*Work request:* For this task, extract exactly the lines of the data below, from the line containing "Sau khi Thêm" through the last one, with pictures left out.
Data shown: Begin
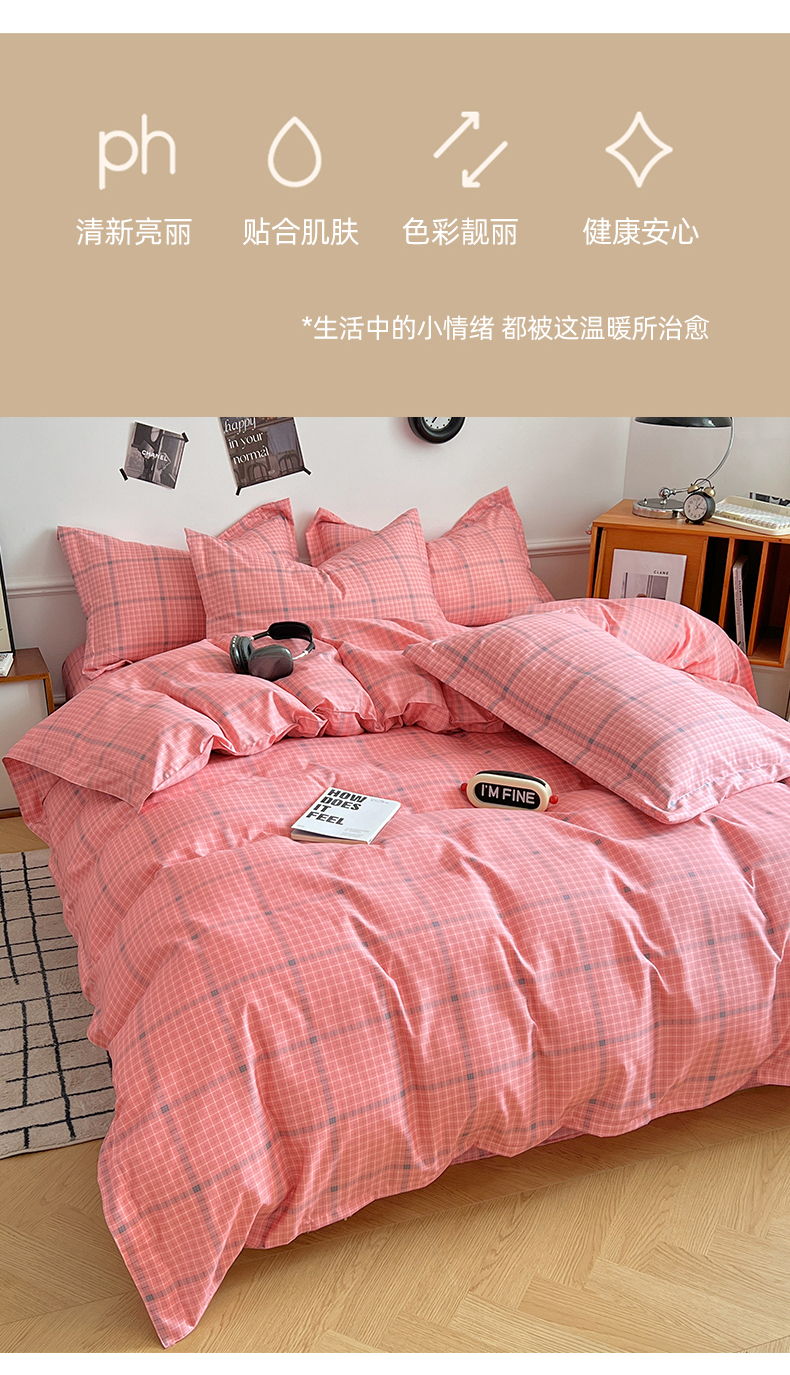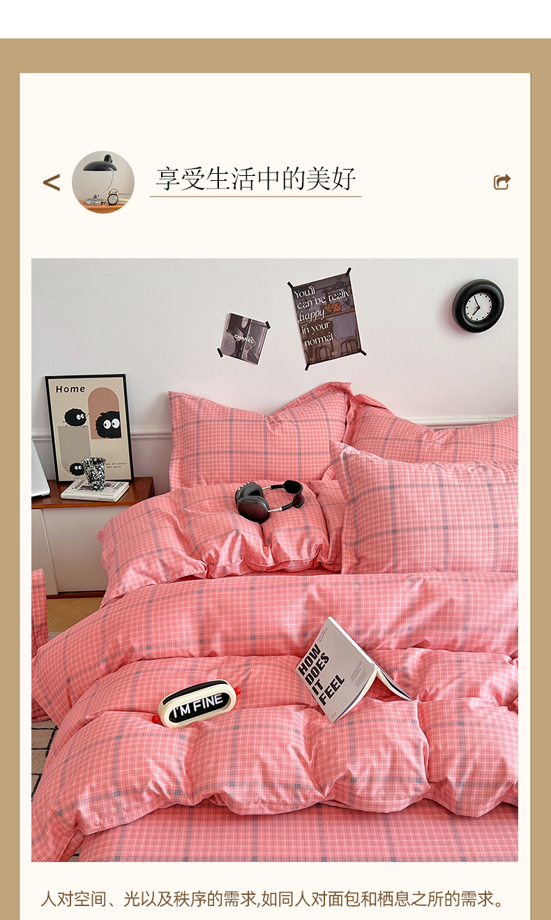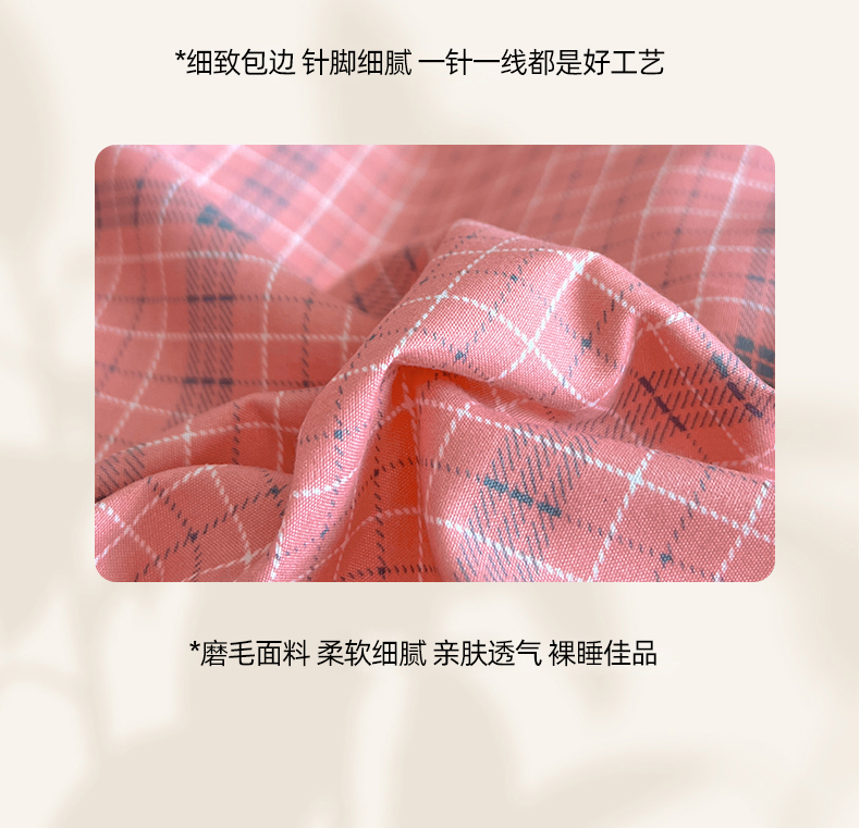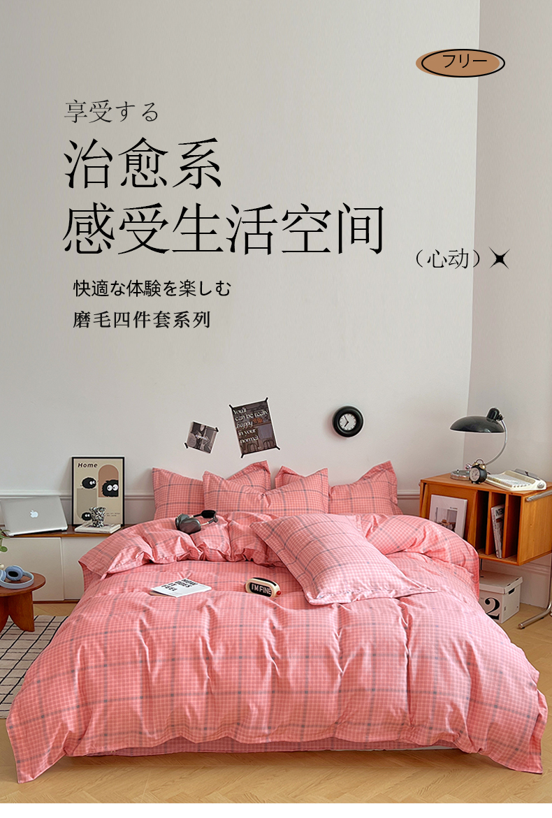 当前位置: 91家纺网 > 商品网购 > 床品套件 > 四件套 > 普通磨毛四件套 > 罗菲尼酒店用品 2025新款磨毛亲肤飞边款四件套 时尚粉格
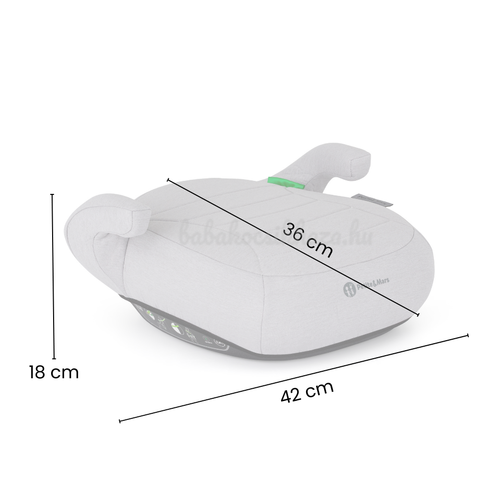 A megemelt kartámaszok segítik a jármű biztonsági övének megfelelő pozícióba vezetését, ezáltal támogatják annak helyes használatát és növelik a gyermek biztonságát. Az ülésmagasító menetirányban használható, a gyermeket a jármű 3 pontos biztonsági övével kell rögzíteni.
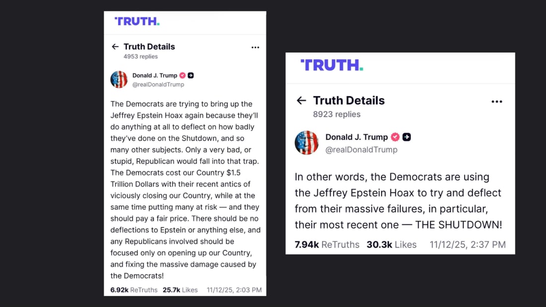 He never even bothered to name the other six entries, because in his world, the specifics don’t matter. The emotion does. By calling everything a hoax, he’s telling supporters: “Reality is optional.” 🔢 He Numbers His Hoaxes Like TV Episodes Trump doesn’t just call things hoaxes. He categorizes them like sequels in a reality-TV franchise built around his own misconduct: Impeachment Hoax #1. He rolls them out like branded episodes, each one designed to erase accountability and rewrite the narrative in real time. 🧨 The Latest Hoax: Epstein Now he’s added one more to the list. In the face of more than 20,000 newly unsealed Epstein emails, documents that mention Trump multiple times and link him to the disgraced financier’s inner circle, he brushed it all off as “The Jeffrey Epstein Hoax.” The same man who dismissed climate science as a “hoax” now calls evidence of abuse and exploitation a hoax. Why This Matters Words shape reality. When a president, especially one now back in power, labels truth itself as a hoax, he’s not just dodging accountability. He’s teaching millions to distrust the very idea of objective fact. I saw it firsthand inside the Trump administration:
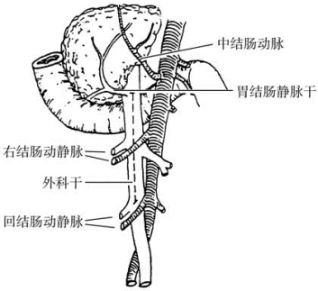 (2)处理:中结肠静脉损伤可以结扎止血,不必修复,因为有来自左、右侧静脉的代偿,可以保证横结肠静脉血回流。
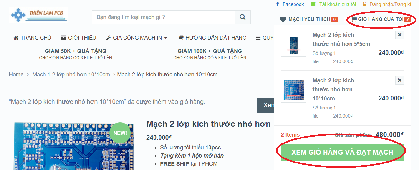 Sau khi Thêm mạch vào giỏ sẽ xuất hiện thông báo là mạch đã được thêm vào giỏ. Lúc này quý khách đã hoàn thành xong bước 2.
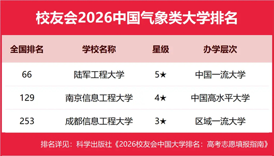 | 校友会2026中国气象类大学排名,陆军工程大学第一 |
Data shown: End
*Answer space:*
 Sau khi Thêm mạch vào giỏ sẽ xuất hiện thông báo là mạch đã được thêm vào giỏ. Lúc này quý khách đã hoàn thành xong bước 2.
 | 校友会2026中国气象类大学排名,陆军工程大学第一 |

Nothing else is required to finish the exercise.